Data entries =
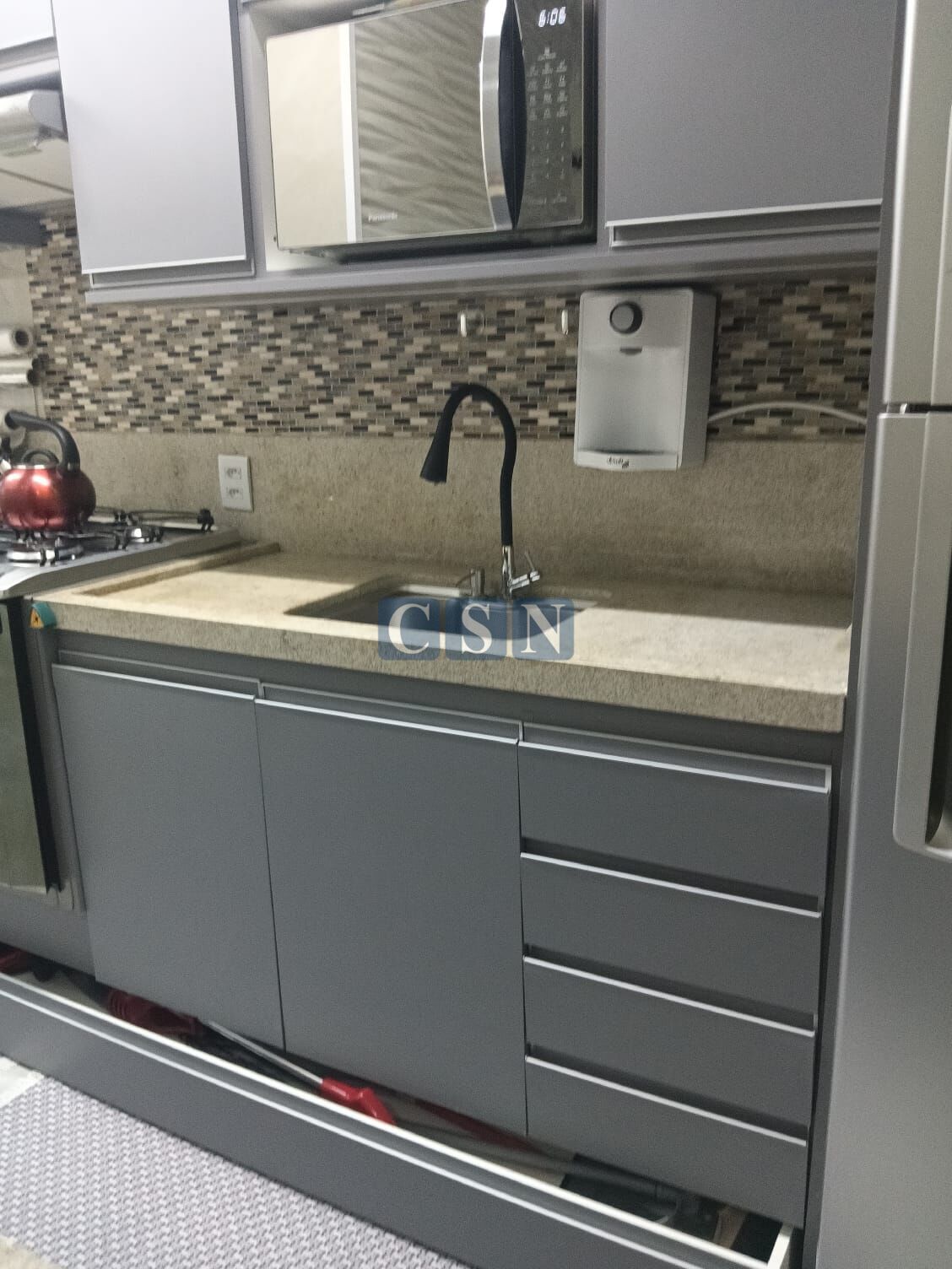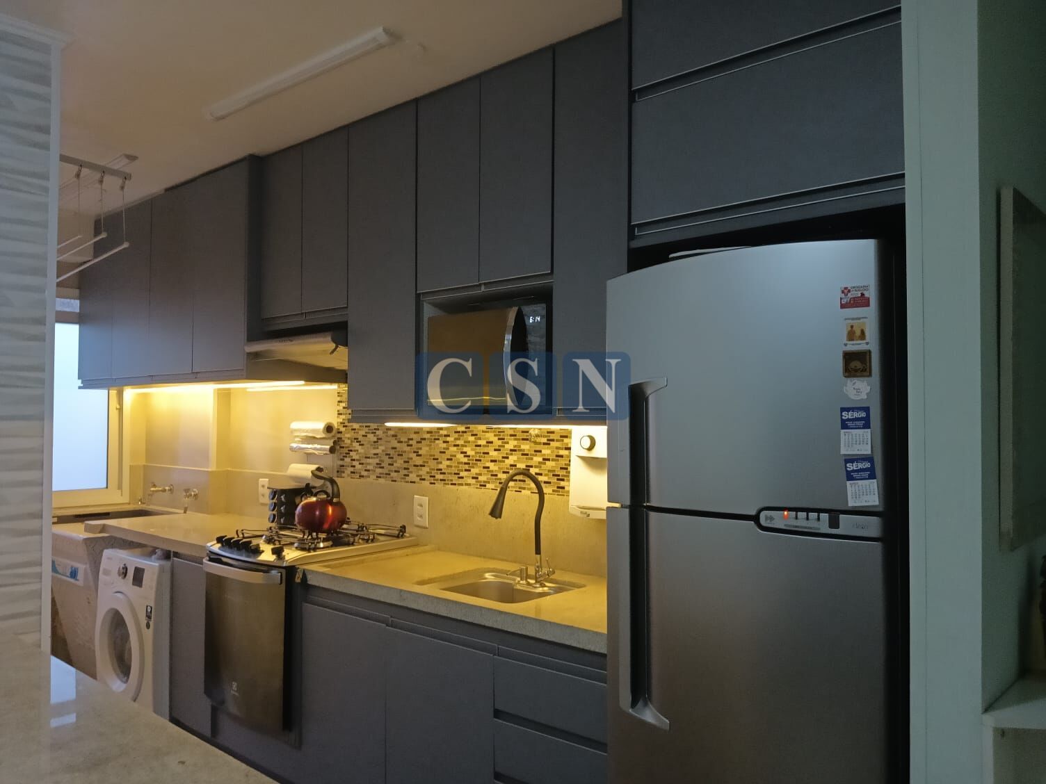*Cozinha funcional com armários embutidos;
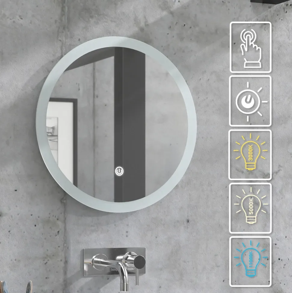 Dieser runde Badezimmerspiegel ist nicht nur ein Hingucker, sondern auch ein funktionaler und moderner Begleiter für Ihr Bad. Der LED-beleuchtete Rahmen sorgt für die richtige Beleuchtung beim Schminken oder Rasieren und durch den berührungsempfindlichen Schalter lässt sich die Helligkeit ganz einfach anpassen. Der Spiegel lässt sich schnell und einfach an der Wand anbringen und bereichert jedes Badezimmer mit seinem stylischen Design. Nutzen Sie diesen Spiegel, um sich jeden Tag selbstbewusst und von Ihrer besten Seite zu zeigen. Ein Badezimmerspiegel, der sowohl das Aussehen als auch die Funktionalität Ihres Bades verbessert.
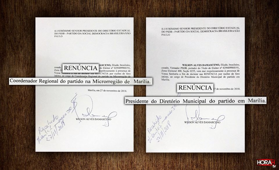 Vereador e presidente da Câmara, delegado Wilson Damasceno renunciou à presidência do Diretório Municipal do PSDB e da Coordenadoria Regional do partido. Os documentos foram recebidos por Vicente Moraes Jr, que é membro da Executiva municipal, e estão datados desta 3ª feira (27). Nos dois casos, Damasceno alega “razões de foro íntimo”.
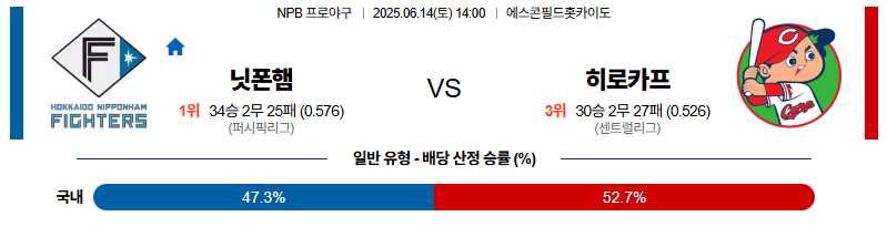 니혼햄 대 히로시마 NPB 06월14일 맞대결 생중계, 스포츠중계, 스포츠분석
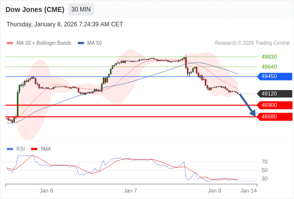 在 49450 之下,看跌,目标价位为 48900 ,然后为 48680 。

Exercise goal = Every line above gets copied exactly; none of the pictures do.

Exercise answer =
*Cozinha funcional com armários embutidos;
 Dieser runde Badezimmerspiegel ist nicht nur ein Hingucker, sondern auch ein funktionaler und moderner Begleiter für Ihr Bad. Der LED-beleuchtete Rahmen sorgt für die richtige Beleuchtung beim Schminken oder Rasieren und durch den berührungsempfindlichen Schalter lässt sich die Helligkeit ganz einfach anpassen. Der Spiegel lässt sich schnell und einfach an der Wand anbringen und bereichert jedes Badezimmer mit seinem stylischen Design. Nutzen Sie diesen Spiegel, um sich jeden Tag selbstbewusst und von Ihrer besten Seite zu zeigen. Ein Badezimmerspiegel, der sowohl das Aussehen als auch die Funktionalität Ihres Bades verbessert.
 Vereador e presidente da Câmara, delegado Wilson Damasceno renunciou à presidência do Diretório Municipal do PSDB e da Coordenadoria Regional do partido. Os documentos foram recebidos por Vicente Moraes Jr, que é membro da Executiva municipal, e estão datados desta 3ª feira (27). Nos dois casos, Damasceno alega “razões de foro íntimo”.
 니혼햄 대 히로시마 NPB 06월14일 맞대결 생중계, 스포츠중계, 스포츠분석
 在 49450 之下,看跌,目标价位为 48900 ,然后为 48680 。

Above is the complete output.